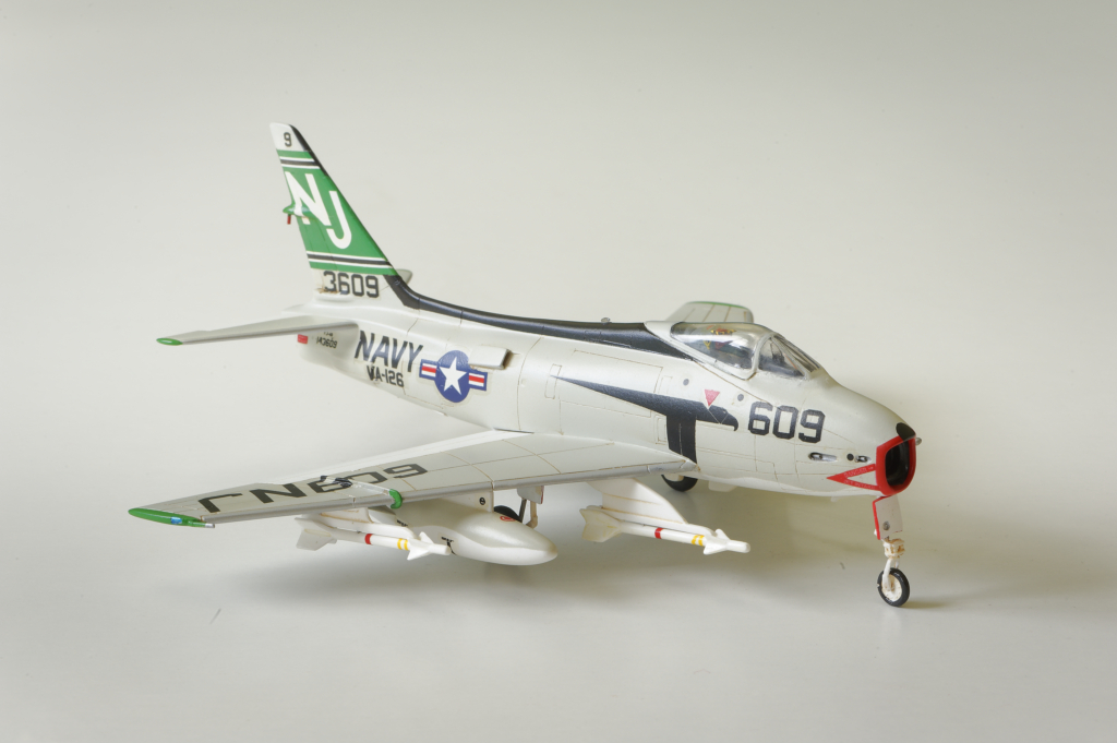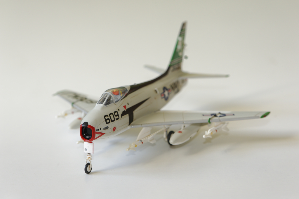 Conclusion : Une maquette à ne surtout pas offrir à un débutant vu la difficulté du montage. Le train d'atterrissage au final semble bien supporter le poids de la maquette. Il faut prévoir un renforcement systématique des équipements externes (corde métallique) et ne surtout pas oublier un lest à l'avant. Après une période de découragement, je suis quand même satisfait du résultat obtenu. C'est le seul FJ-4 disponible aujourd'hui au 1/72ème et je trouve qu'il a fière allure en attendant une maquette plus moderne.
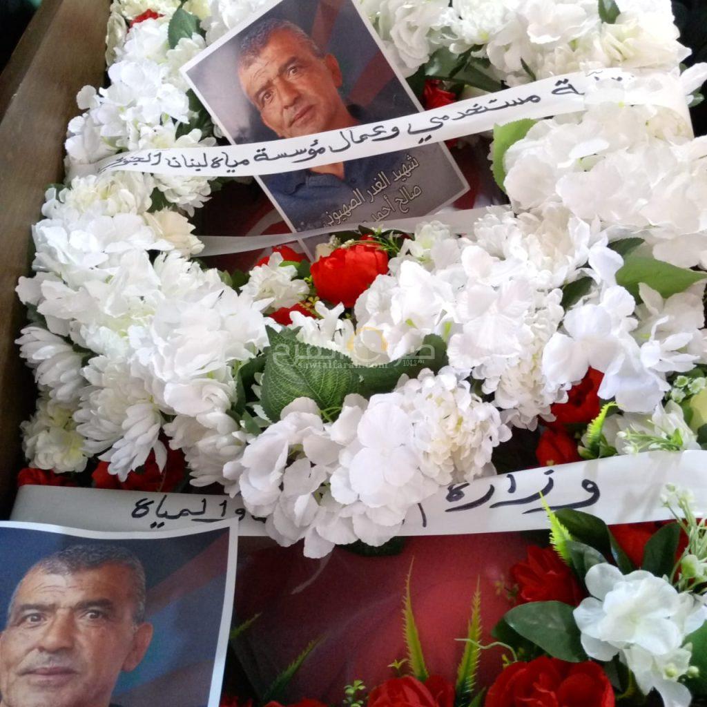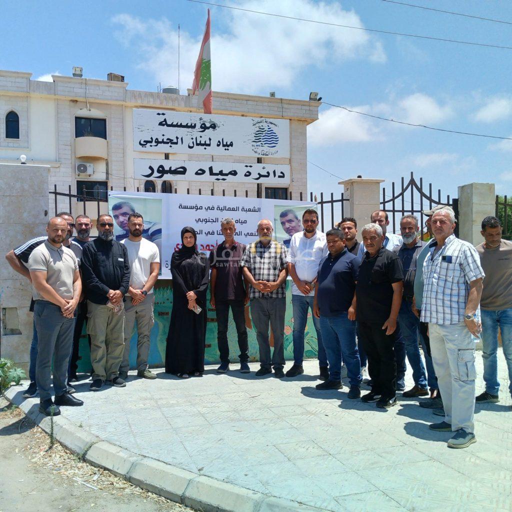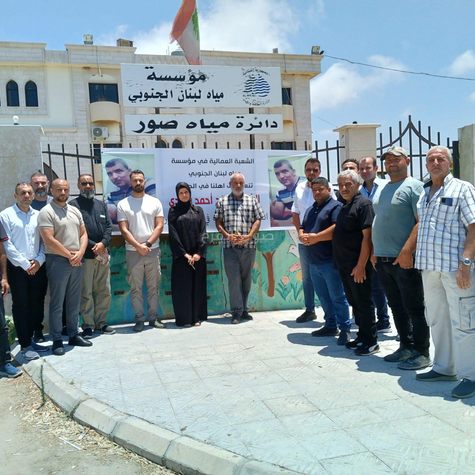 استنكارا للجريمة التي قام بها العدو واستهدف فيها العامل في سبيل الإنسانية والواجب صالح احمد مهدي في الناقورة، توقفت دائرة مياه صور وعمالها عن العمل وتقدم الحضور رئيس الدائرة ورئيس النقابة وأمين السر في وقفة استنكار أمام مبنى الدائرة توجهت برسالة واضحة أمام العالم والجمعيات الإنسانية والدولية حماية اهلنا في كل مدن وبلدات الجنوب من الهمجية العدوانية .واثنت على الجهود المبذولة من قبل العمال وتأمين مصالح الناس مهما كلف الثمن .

* * *

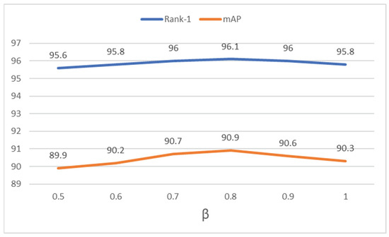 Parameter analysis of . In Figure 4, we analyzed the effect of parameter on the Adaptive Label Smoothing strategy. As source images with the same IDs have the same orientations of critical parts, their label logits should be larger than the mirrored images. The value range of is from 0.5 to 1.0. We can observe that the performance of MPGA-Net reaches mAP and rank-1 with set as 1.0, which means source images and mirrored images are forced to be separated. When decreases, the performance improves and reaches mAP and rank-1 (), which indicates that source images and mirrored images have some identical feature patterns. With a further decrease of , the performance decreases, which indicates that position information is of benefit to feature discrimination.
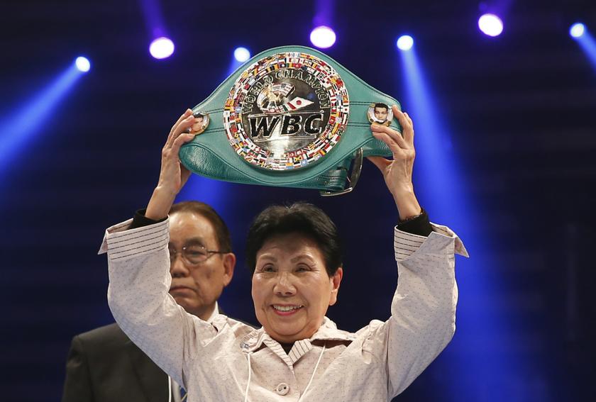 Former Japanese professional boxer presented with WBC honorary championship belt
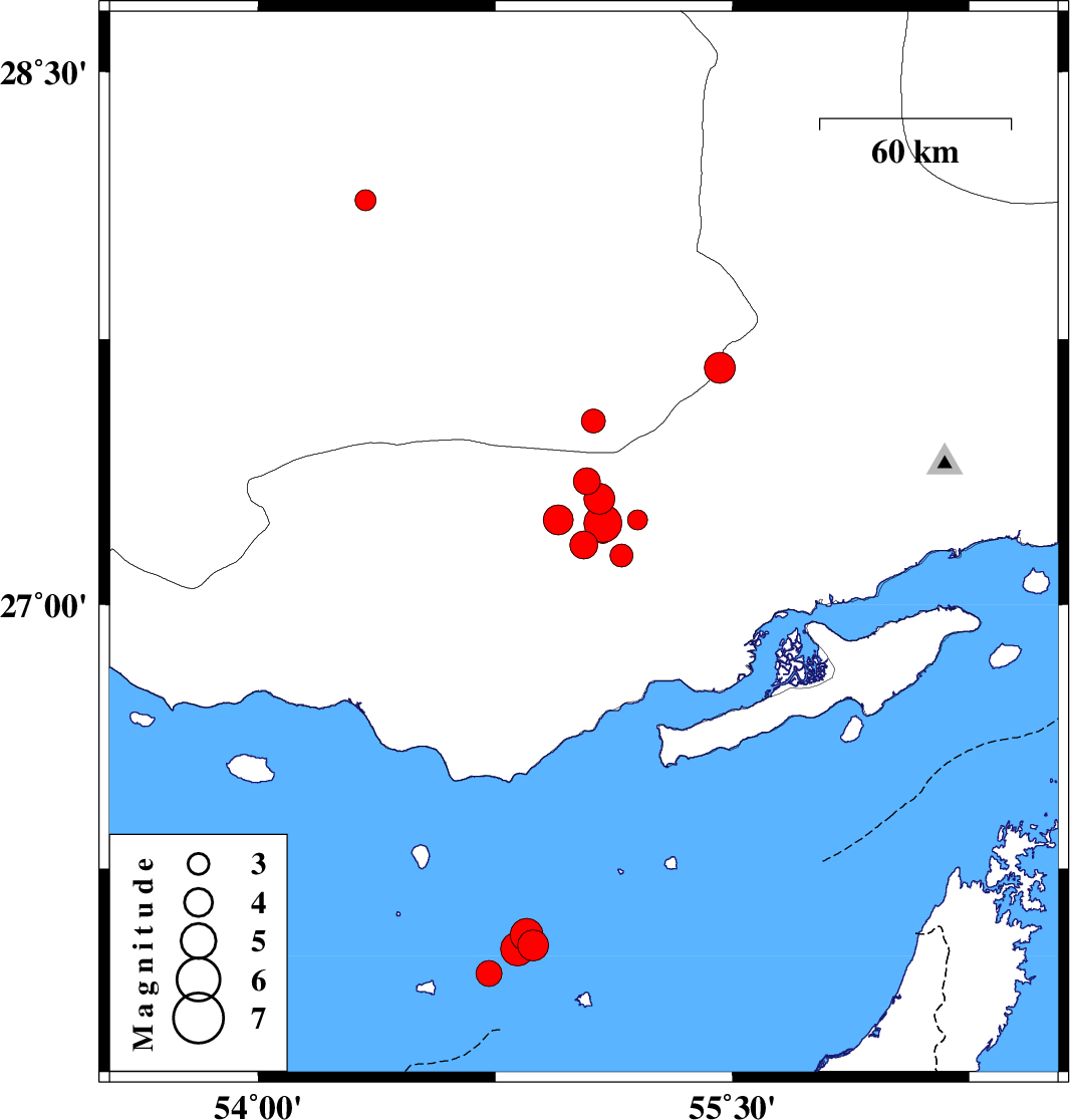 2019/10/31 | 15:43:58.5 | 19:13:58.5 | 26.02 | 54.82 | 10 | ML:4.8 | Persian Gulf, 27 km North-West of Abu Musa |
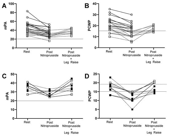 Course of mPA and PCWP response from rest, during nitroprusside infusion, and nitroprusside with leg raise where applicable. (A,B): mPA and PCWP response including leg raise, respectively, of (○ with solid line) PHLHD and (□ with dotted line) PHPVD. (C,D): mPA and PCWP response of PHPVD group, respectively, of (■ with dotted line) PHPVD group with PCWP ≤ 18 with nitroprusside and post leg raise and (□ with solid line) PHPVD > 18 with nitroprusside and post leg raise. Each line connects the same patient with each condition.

• WHAT YOU HAVE TO DO:
Whatever pictures the records hold, omit them; give again exactly the lines from the one containing "Former Japanese professional" through the one containing "Course of mPA".

• WRITTEN SOLUTION:
 Former Japanese professional boxer presented with WBC honorary championship belt
 2019/10/31 | 15:43:58.5 | 19:13:58.5 | 26.02 | 54.82 | 10 | ML:4.8 | Persian Gulf, 27 km North-West of Abu Musa |
 Course of mPA and PCWP response from rest, during nitroprusside infusion, and nitroprusside with leg raise where applicable. (A,B): mPA and PCWP response including leg raise, respectively, of (○ with solid line) PHLHD and (□ with dotted line) PHPVD. (C,D): mPA and PCWP response of PHPVD group, respectively, of (■ with dotted line) PHPVD group with PCWP ≤ 18 with nitroprusside and post leg raise and (□ with solid line) PHPVD > 18 with nitroprusside and post leg raise. Each line connects the same patient with each condition.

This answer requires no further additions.